Sorption of BB41 dye molecules using chitosan based particles from aqueous solutions: A kinetic and thermodynamic evaluation


Demirtas H., Tasar S., Kaya F., Ozer A.

JOURNAL OF ENVIRONMENTAL CHEMICAL ENGINEERING, vol.10, no.4, 2022 (SCI-Expanded) identifier identifier

  • Publication Type: Article / Article
  • Volume: 10 Issue: 4
  • Publication Date: 2022
  • Doi Number: 10.1016/j.jece.2022.108062
  • Journal Name: JOURNAL OF ENVIRONMENTAL CHEMICAL ENGINEERING
  • Journal Indexes: Science Citation Index Expanded (SCI-EXPANDED), Scopus, CAB Abstracts, Chemical Abstracts Core, Compendex, INSPEC, Veterinary Science Database
  • Keywords: Chitosan, Polymeric particle, Sorption, Basic blue 41, Kinetic and thermodynamic evaluation, BASIC BLUE 41, CROSS-LINKED CHITOSAN, REACTIVE BLACK 5, METHYLENE-BLUE, FLY-ASH, ADSORPTION, REMOVAL, EQUILIBRIUM, MICROSPHERES, EFFICIENCY
  • Middle East Technical University Affiliated: No

Abstract

In this study, starting from chitosan is a hydrophilic polymer with positively charged, it was aimed to produce chitosan-based particles and to be evaluated as a sorbent.
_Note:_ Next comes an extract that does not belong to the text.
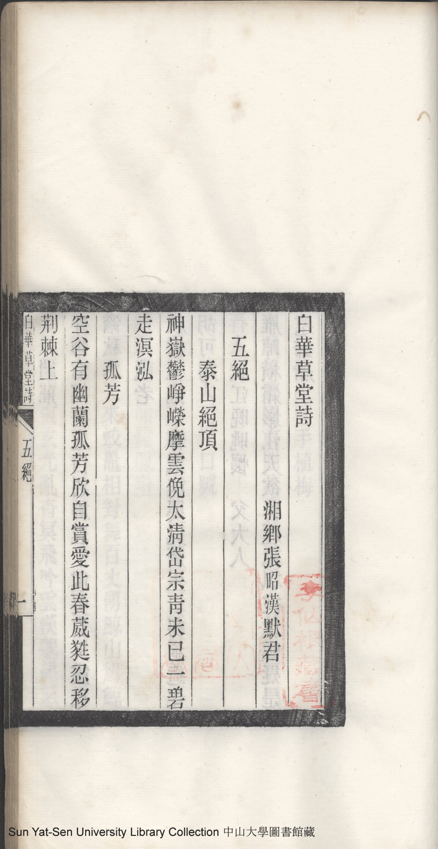 | (PRINT FRIENDLY VERSION) 白華草堂詩:六卷,玉尺樓詩:一卷(清張昭漢撰)。民國二十三年(1934)刊本 ![]() 頁碼 : 五絕1a | 点 击 放 大 | 返回 |

Chitosan-based polymeric particles production was carried out by the precipitation-collection method from chitosan. Chitosan and chitosan-based sorbent were characterized. For this purpose, SEM and FTIR analyzes were used. Sorption activities of the chitosan-based polymeric particles were investigated for basic dye (basic blue 41, BB41). The effect of various sorption parameters (temperature, initial pH value, chitosan amount, initial dye concentration, contact time, etc.) on the sorption efficiency of BB41 dye molecules was investigated. The optimum sorption conditions were determined. The optimum temperature of solution, initial pH value, chitosan amount, contact time and initial BB41 dye concentration were determined as 25 degrees C, 10.5 +/- 0.02, 1 g/L, 240 min and 50 ppm, respectively. Sorption capacities at 25, 35, 45, and 55 celcius were determined as 1.710, 1.410, 1.360, and 1.200 mg/g, respectively. In addition, the sorption yields were determined as 85.00%, 73.21%, 67.86%, and 60.00%, respectively. Experimental results were evaluated by applying Langmuir, Freundlich, Temkin, and Dubinin-Radushkevich's (DR) isotherm models. It was determined that the obtained data fit well with the Langmuir isotherm model. The maximum sorption capacity (qmax) was calculated to be 1.920 mg/g. To calculate kinetic parameters, pseudofirst-order, pseudo-second-order, Elovich, and intraparticle diffusion kinetic model equations were used in the study. It was determined that the pseudo-second-order model was better suited to explain the experimental data. Using the pseudo-second-order kinetic model equation, the maximum sorption capacities (qc,h) for 25, 35, 45, and 55 degrees C were calculated to be 1.720, 1.490, 1.380, and 1.240 mg/g, respectively. It was determined that the desorption activities of chitosan particles were over 99.5%. The chitosan particles retained their physical stability under the specified desorption conditions. It was decided that it was a suitable sorbent for reuse.